How high-output achievers stay motivated

Few years back, I was part of a ‘merger/acquisition management’ project. These projects are unusually stressful. As a professional, you are not sure of your next role for weeks or months. It’s like the phase after an exam and before the results. One just waits, and waits.

The numerous failed attempts of mine always keeps me curious about the secrets behind successful weight loss journeys. This journey of persistence also seems interesting as decoding its secrets will give insights that can be applicable in being motivated for most business and life goals.

“How did you stay motivated throughout?”, I asked my friend.

“I have tried losing weight countless times. Trying almost every method in various phases, right from Keto diet, Yoga, Running, I realised that there was no problem with a particular method.

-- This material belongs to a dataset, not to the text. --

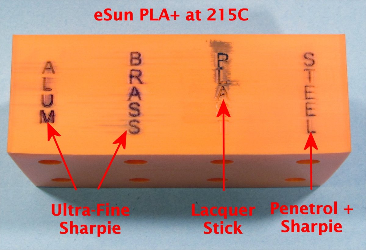 I'm using eSun PLA "Plus" to make a block to hold some deburring tools in my shop. I printed the first attempt at 215C, and as I expected, if you try to fill in the letters with an Ultra-Fine Point Sharpie, two things happen: 1) the tip is too wide to get down into the bottom of a lot of the letters, and 2) the ink tends to wick into the passages left where the filament didn't fuse completely. It's hard to keep the Sharpie in the grooves, and if it bounces out, you have a mark that you have to clean up with alcohol. That thins out the ink even further, and it REALLY wicks into the print, leaving lots of fine black lines embedded in the plastic.

All of them are good.”, he said.

Then with the looks of an authority on this topic, he added “Then one day I learnt about Motivated Manny, and Frustrated Frank and this time I knew I got the solution.”

“My understanding is that motivation is a myth created to give an excuse for no action” , he continued.

Cliche as it sounded, I thought my friend was getting philosophical. But then, he went on to tell the story of his transformation, and I had no second thought about believing the statement he made.

Ever since that conversation, I have adopted the principle for any goal that I pursue. The results are highly satisfactory, and I believe that most high-output achievers have a similar principle of operation.

Motivated Manny, Frustrated Frank

Frank and Manny both had similar goals for weight loss – lose 60 pounds in 6 months. That is 10 pounds per month.

Starting with high intensity efforts in exercise, diet, and daily weight track, Frank was excited to see 3-4 pounds of weight reduction in each of the initial 3 weeks. But in the 4th week, the reduction was only 1 pound which continued for about 2 more weeks. By the end of 6th week, Frank got frustrated and finally gave up the 6-month goal.

Manny, on the other hand, resorted to a different approach. He broke down the goal into smaller tasks – diet, exercise, and sleep. For each of these tasks he created a daily and weekly routine. For example, what to eat first thing in the morning, number of glasses of water to drink daily, etc.

Forgetting about the 6 months goal, Manny concentrated on the daily inputs and targets. Each day that he achieved his daily target kept him motivated for the next day. For any reason if Manny failed on a particular day, he would tweak the activity to add something achievable. Also, after every successful day, he increased the intensity for the next day for the defined tasks. For instance, if he ran 0.5 miles for 3 days, he would  increase it to 0.8 miles on the 4th day. But if he could not run 0.5 miles on a particular day, then he brought it down to 0.3 miles the next day. 

The whole idea was to ‘create daily success’ for tasks of that day. Daily success in completing the tasks brought motivation to act on the next day which then led to further success. Before Manny realised, he had built in a successful system for weight loss. A system of daily habits that stacked up to create a noteworthy impact at the end of 6-months.

set goals crush them repeat

Myth of Motivation

In his popular book, “The Motivation Myth”, author Jeff Haden demystifies the myth that one needs to be motivated to take action to get success. Most people do not get started, because they don’t feel ‘motivated enough’. Jeff explains the thought as nothing nearer to the truth. He analyses the routines and mindset of high achievers and concludes that those who achieve success think and do differently. 

Most achievers work on a process to get small success. They all set huge and unrealistic goals, then break it down into a realistic process or system to act on a daily, weekly or monthly basis. Once this is done, the goal is then forgotten. Surprising as it might sound but it’s true. Successful people forget about the goal, and bring their entire focus on creating a realistic process, system or routine. Success, then, is about consistently acting on the process, system or routine and not breaking the chain. If the chain keeps rolling persistently, success is inevitable. 

Now take a moment and think about that one goal you’ve always wanted to achieve. Try this approach of breaking that goal into small components and making achievable daily habits / activities. Just start acting on it, one day at a time, making sure that the ‘chain’ is not broken. Track down your daily progress on the activities and review the result after three months. You’ll be surprised at your achievement and motivated to add on to the level you would have successfully reached.

Go ahead, it’s time to bust the Motivation Myth!